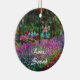 "Jardín de Monet en Giverny", del artista francés del impresionismo, Claude Monet, en 1900. Para cuando Monet adquirió su tierra y jardín en Giverny a finales de siglo, era una celebridad y se llamaba "gran paisajista francés". En ese momento tenía 56 años y paseaba por su propiedad con su cigarro que se estaba desplomando. Le gustaba discutir la propagación, los injertos y los esquemas de color con su pequeño grupo de jardineros. Su jardín fue acondicionado como un jardín de campo francés clásico con pérgolas rosas sobre pasarelas de grava. A medida que pasaba el tiempo, construía invernaderos e importaba plantas raras y arbustos de todo el mundo. Le gustaba recorrer su jardín varias veces al día. Era un hombre fuerte y un pintor fuerte, con la fortaleza de hacer la mayor parte de cualquier línea de trabajo en su vida. Luego comenzó a expandirse comprando más tierra con un estanque y regado por los Ru. Él tenía una gran admiración por todo lo japonés. A medida que expandió su tierra aún más, hizo que el estanque fuera más grande y se construyó un puente japonés sobre él, añadiendo nuevas nenúfares, sauces llorosos y glicinia. En 1900 tenía 20 pinturas de su jardín. Dos años después trabajó en una larga serie de estudios y finalmente tuvo una exhibición lista para 1909 llamada "Les Nympheas, Paysages d'Eau".
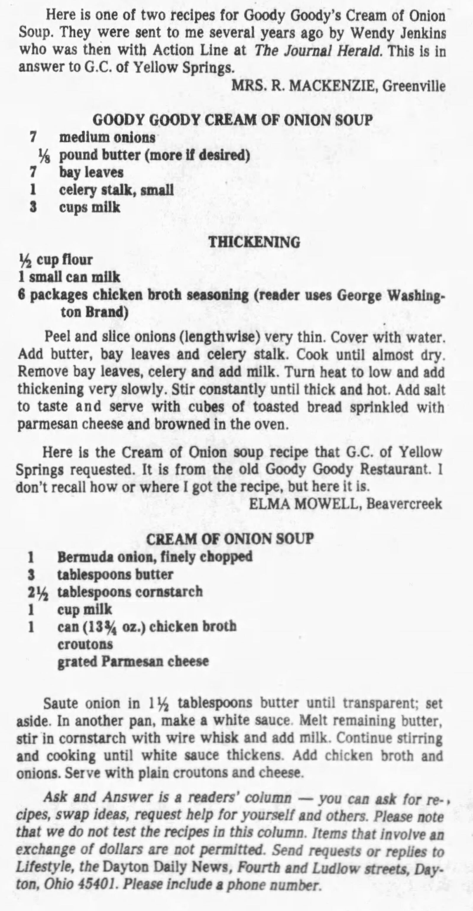 In 1976 he introduced what he had hoped would be the first of a large line of foods packaged for grocery stores. It was a 12-ounce package of onion soup, made from Goody Goody’s old family recipe.
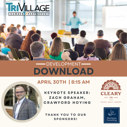 Development Download is a forum to enhance relationship-building and communication between area businesses and city officials. We are pleased to welcome Zachary Graham, Senior Vice President of Commercial Real Estate and Leasing, Crawford Hoying. (More info to come!)
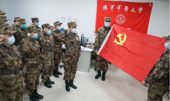 在今年的抗疫斗争中,党的领导核心作用得到充分彰显。面对突如其来的新冠肺炎疫情,以习近平同志为核心的党中央运筹帷幄、掌舵领航,从中央到地方,从城市到农村,从政府到企业,从行业到区域,一声令下,万众一心,迅速集聚起强大力量,全国疫情防控阻击战取得重大战略成果,展现出令世人称赞的中国力量、中国精神、中国效率。党的领导和我国社会主义制度发挥了无可比拟的作用。这是新时代中国共产党领导作用的有力注解和生动诠释。图为2020年2月1日,在武汉金银潭医院,陆军军医大学医疗队队员在党旗前宣誓。新华社记者程敏/摄
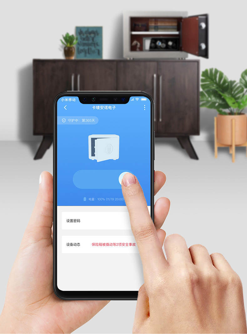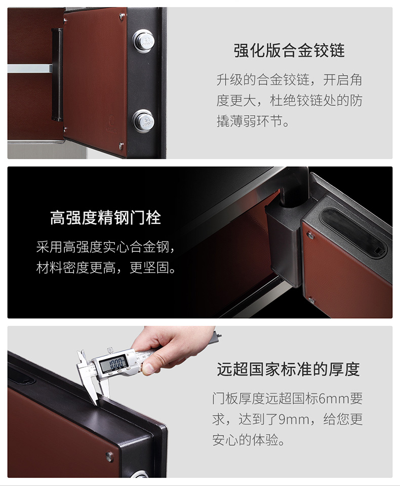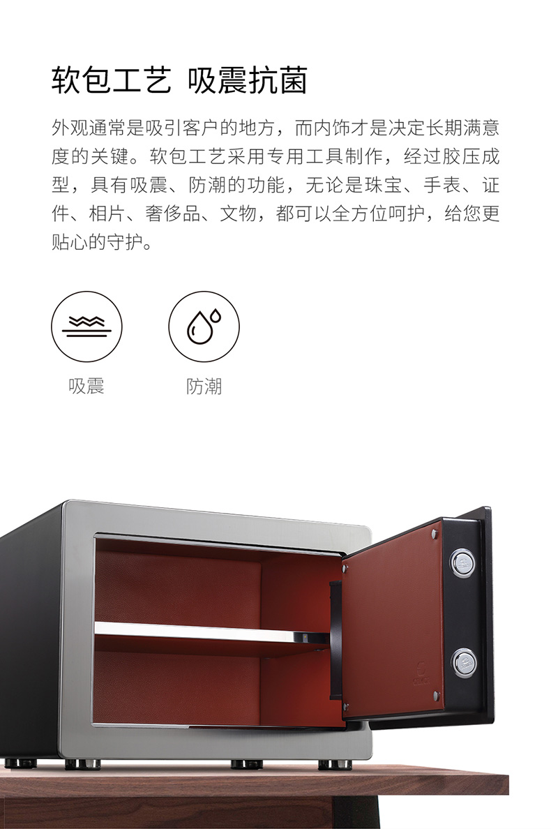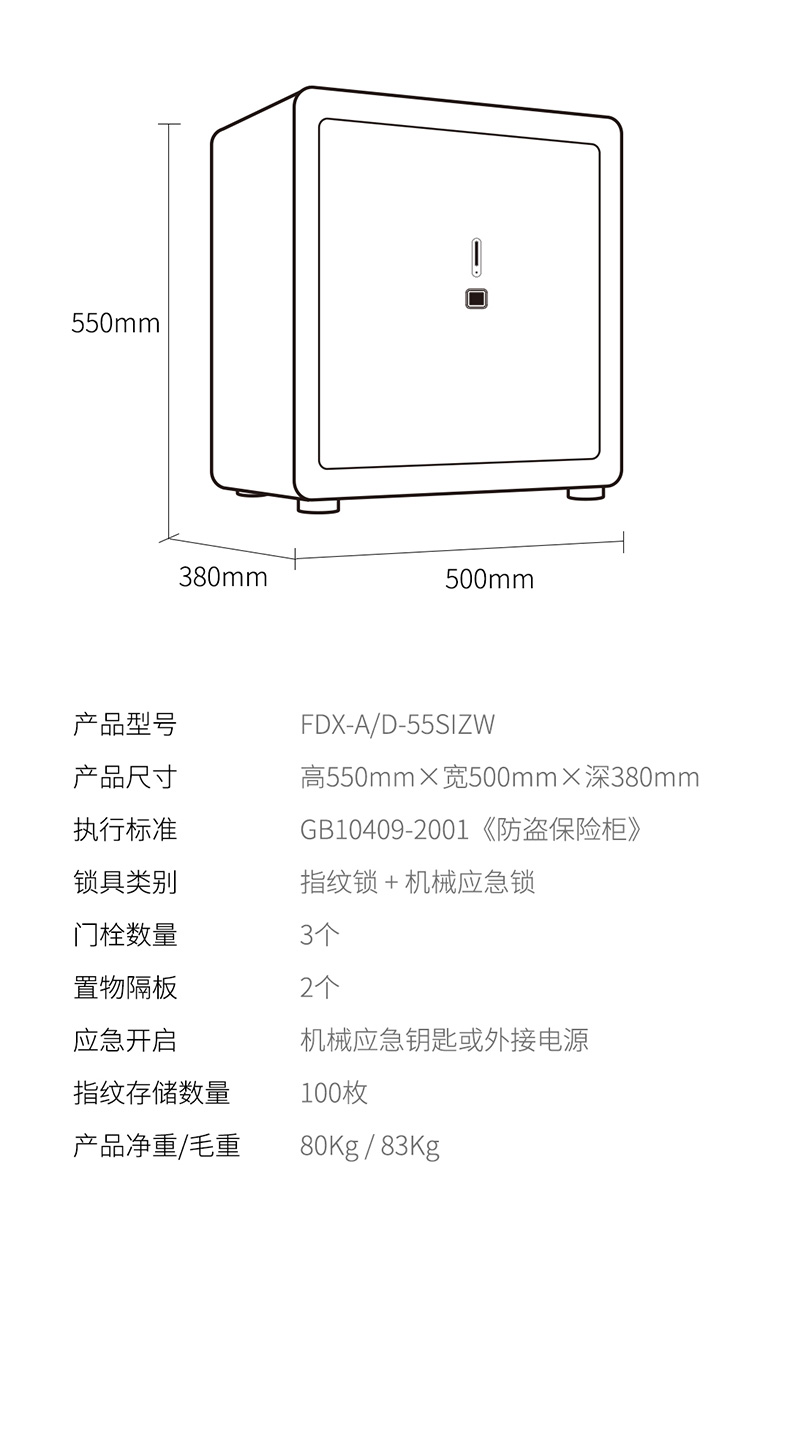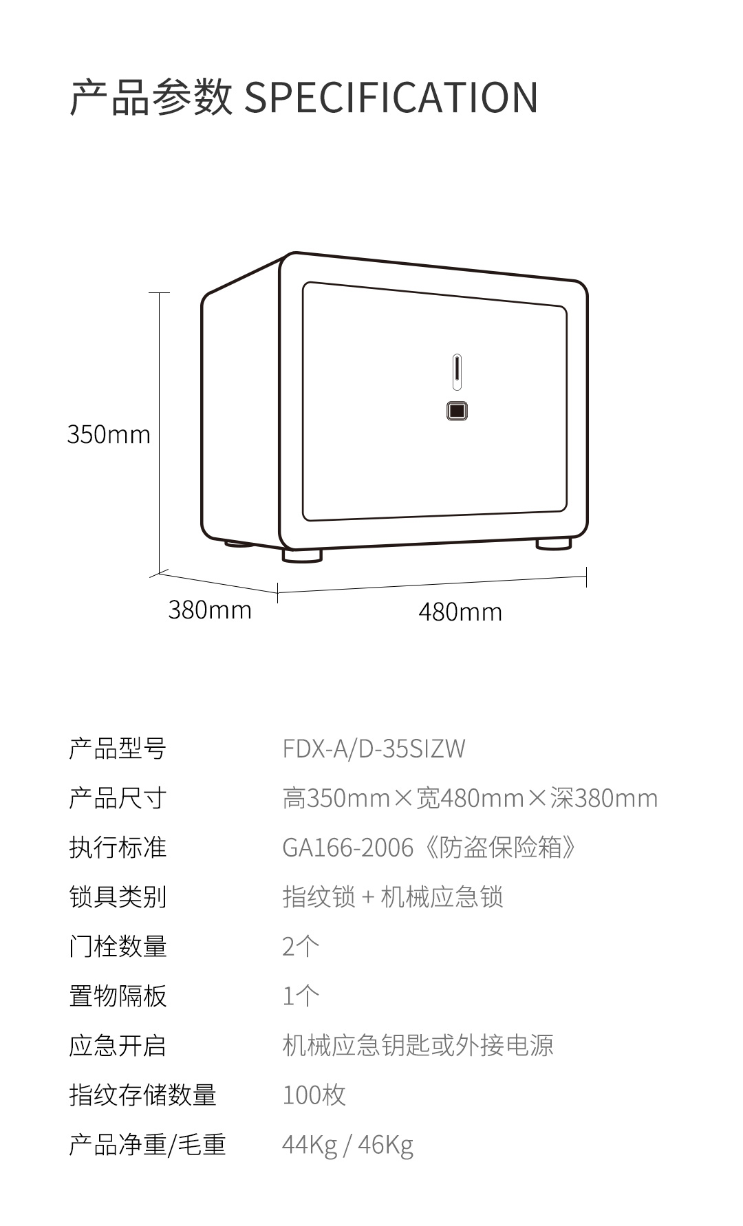 卡嘜安諾指紋系列3C認(rèn)證保險箱D-35SIZW尺寸說明:350高*480寬*380深mm(含底座) 重量:46kg

☆ ☆ ☆

# WHAT TO WORK ON:
When you reproduce the material, keep every word exact and leave each picture out.

# OUTPUT FOR THIS TASK:
 "Jardín de Monet en Giverny", del artista francés del impresionismo, Claude Monet, en 1900. Para cuando Monet adquirió su tierra y jardín en Giverny a finales de siglo, era una celebridad y se llamaba "gran paisajista francés". En ese momento tenía 56 años y paseaba por su propiedad con su cigarro que se estaba desplomando. Le gustaba discutir la propagación, los injertos y los esquemas de color con su pequeño grupo de jardineros. Su jardín fue acondicionado como un jardín de campo francés clásico con pérgolas rosas sobre pasarelas de grava. A medida que pasaba el tiempo, construía invernaderos e importaba plantas raras y arbustos de todo el mundo. Le gustaba recorrer su jardín varias veces al día. Era un hombre fuerte y un pintor fuerte, con la fortaleza de hacer la mayor parte de cualquier línea de trabajo en su vida. Luego comenzó a expandirse comprando más tierra con un estanque y regado por los Ru. Él tenía una gran admiración por todo lo japonés. A medida que expandió su tierra aún más, hizo que el estanque fuera más grande y se construyó un puente japonés sobre él, añadiendo nuevas nenúfares, sauces llorosos y glicinia. En 1900 tenía 20 pinturas de su jardín. Dos años después trabajó en una larga serie de estudios y finalmente tuvo una exhibición lista para 1909 llamada "Les Nympheas, Paysages d'Eau".
 In 1976 he introduced what he had hoped would be the first of a large line of foods packaged for grocery stores. It was a 12-ounce package of onion soup, made from Goody Goody’s old family recipe.
 Development Download is a forum to enhance relationship-building and communication between area businesses and city officials. We are pleased to welcome Zachary Graham, Senior Vice President of Commercial Real Estate and Leasing, Crawford Hoying. (More info to come!)
 在今年的抗疫斗争中,党的领导核心作用得到充分彰显。面对突如其来的新冠肺炎疫情,以习近平同志为核心的党中央运筹帷幄、掌舵领航,从中央到地方,从城市到农村,从政府到企业,从行业到区域,一声令下,万众一心,迅速集聚起强大力量,全国疫情防控阻击战取得重大战略成果,展现出令世人称赞的中国力量、中国精神、中国效率。党的领导和我国社会主义制度发挥了无可比拟的作用。这是新时代中国共产党领导作用的有力注解和生动诠释。图为2020年2月1日,在武汉金银潭医院,陆军军医大学医疗队队员在党旗前宣誓。新华社记者程敏/摄
 卡嘜安諾指紋系列3C認(rèn)證保險箱D-35SIZW尺寸說明:350高*480寬*380深mm(含底座) 重量:46kg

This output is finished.